> _What is required_: Copy task. Retype the whole listing exactly, omitting any picture in it.

> _Supplied data_:

--------------------------------------------------

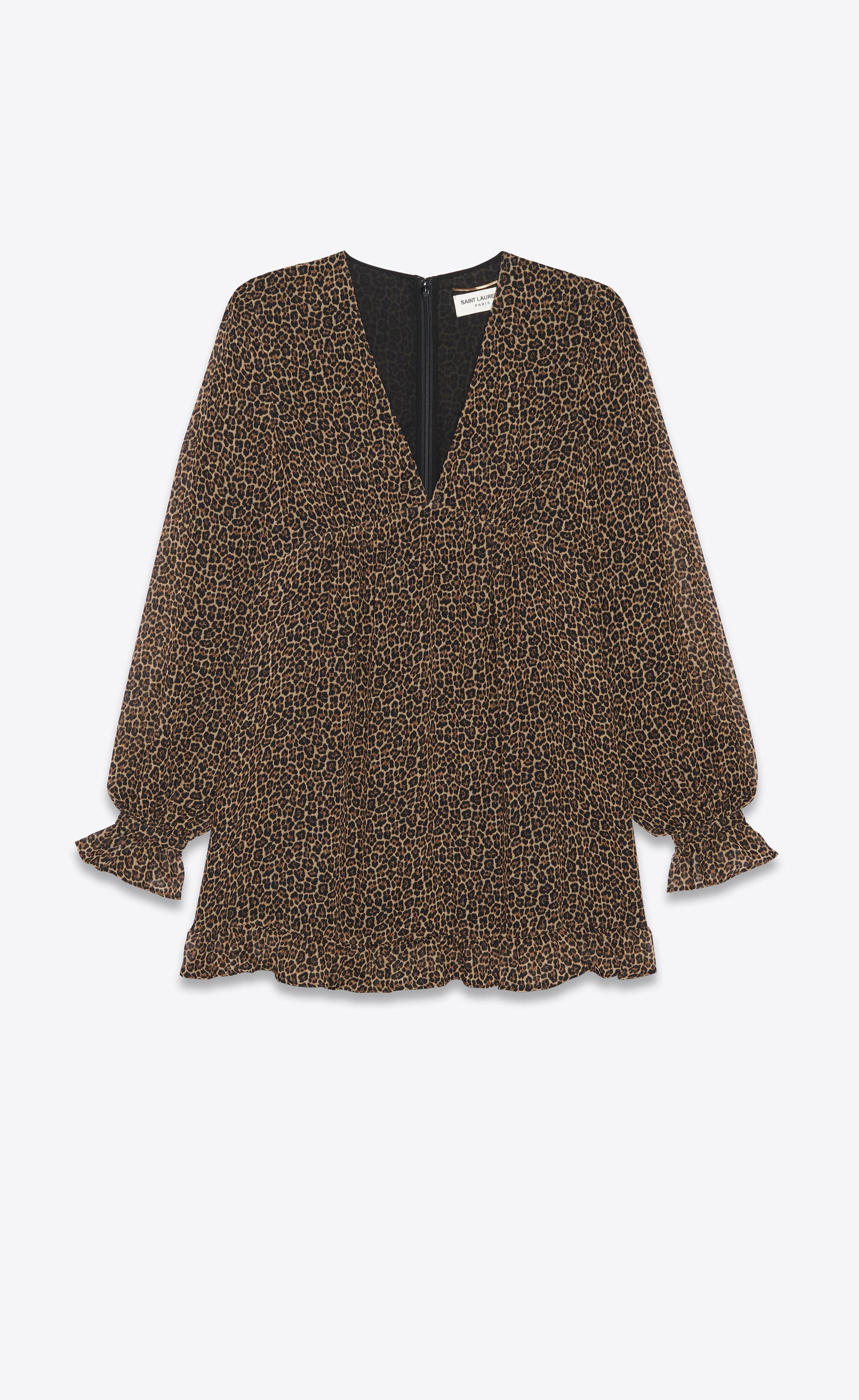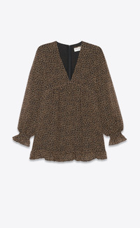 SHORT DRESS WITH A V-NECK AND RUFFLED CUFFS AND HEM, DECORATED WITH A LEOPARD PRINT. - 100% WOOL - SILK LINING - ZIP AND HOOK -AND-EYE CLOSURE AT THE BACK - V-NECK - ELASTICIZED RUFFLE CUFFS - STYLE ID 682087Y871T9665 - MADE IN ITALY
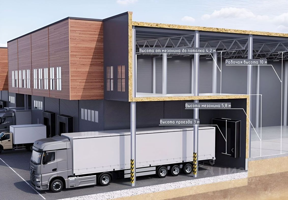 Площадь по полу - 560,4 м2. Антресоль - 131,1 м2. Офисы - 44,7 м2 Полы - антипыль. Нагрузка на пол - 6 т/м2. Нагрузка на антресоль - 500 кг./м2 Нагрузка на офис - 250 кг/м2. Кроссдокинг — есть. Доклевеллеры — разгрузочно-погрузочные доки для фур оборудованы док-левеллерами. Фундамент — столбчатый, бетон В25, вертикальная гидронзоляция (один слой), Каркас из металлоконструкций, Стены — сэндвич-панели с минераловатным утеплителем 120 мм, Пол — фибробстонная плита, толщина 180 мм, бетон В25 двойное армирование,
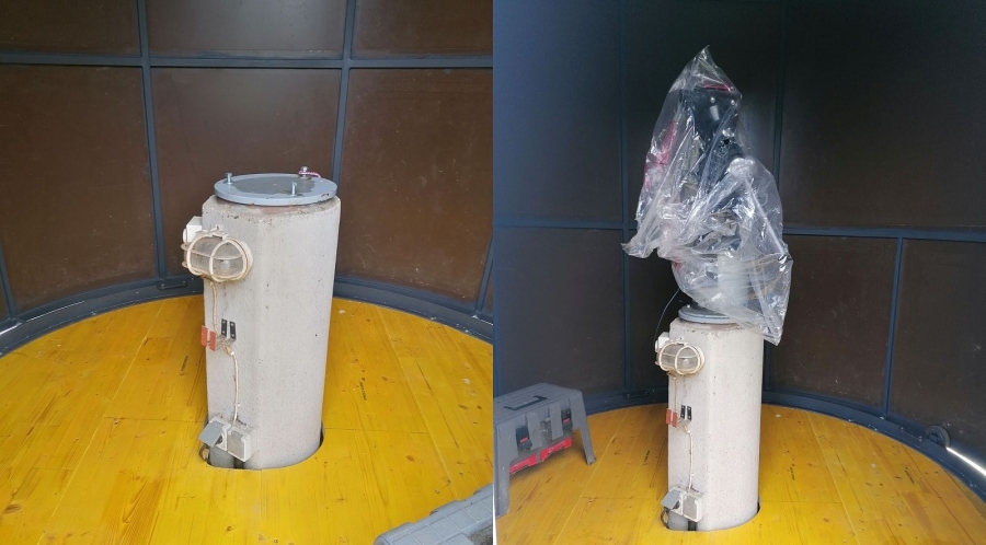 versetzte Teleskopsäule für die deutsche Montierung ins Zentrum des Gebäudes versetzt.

--------------------------------------------------

> _Expected output_:
 SHORT DRESS WITH A V-NECK AND RUFFLED CUFFS AND HEM, DECORATED WITH A LEOPARD PRINT. - 100% WOOL - SILK LINING - ZIP AND HOOK -AND-EYE CLOSURE AT THE BACK - V-NECK - ELASTICIZED RUFFLE CUFFS - STYLE ID 682087Y871T9665 - MADE IN ITALY
 Площадь по полу - 560,4 м2. Антресоль - 131,1 м2. Офисы - 44,7 м2 Полы - антипыль. Нагрузка на пол - 6 т/м2. Нагрузка на антресоль - 500 кг./м2 Нагрузка на офис - 250 кг/м2. Кроссдокинг — есть. Доклевеллеры — разгрузочно-погрузочные доки для фур оборудованы док-левеллерами. Фундамент — столбчатый, бетон В25, вертикальная гидронзоляция (один слой), Каркас из металлоконструкций, Стены — сэндвич-панели с минераловатным утеплителем 120 мм, Пол — фибробстонная плита, толщина 180 мм, бетон В25 двойное армирование,
 versetzte Teleskopsäule für die deutsche Montierung ins Zentrum des Gebäudes versetzt.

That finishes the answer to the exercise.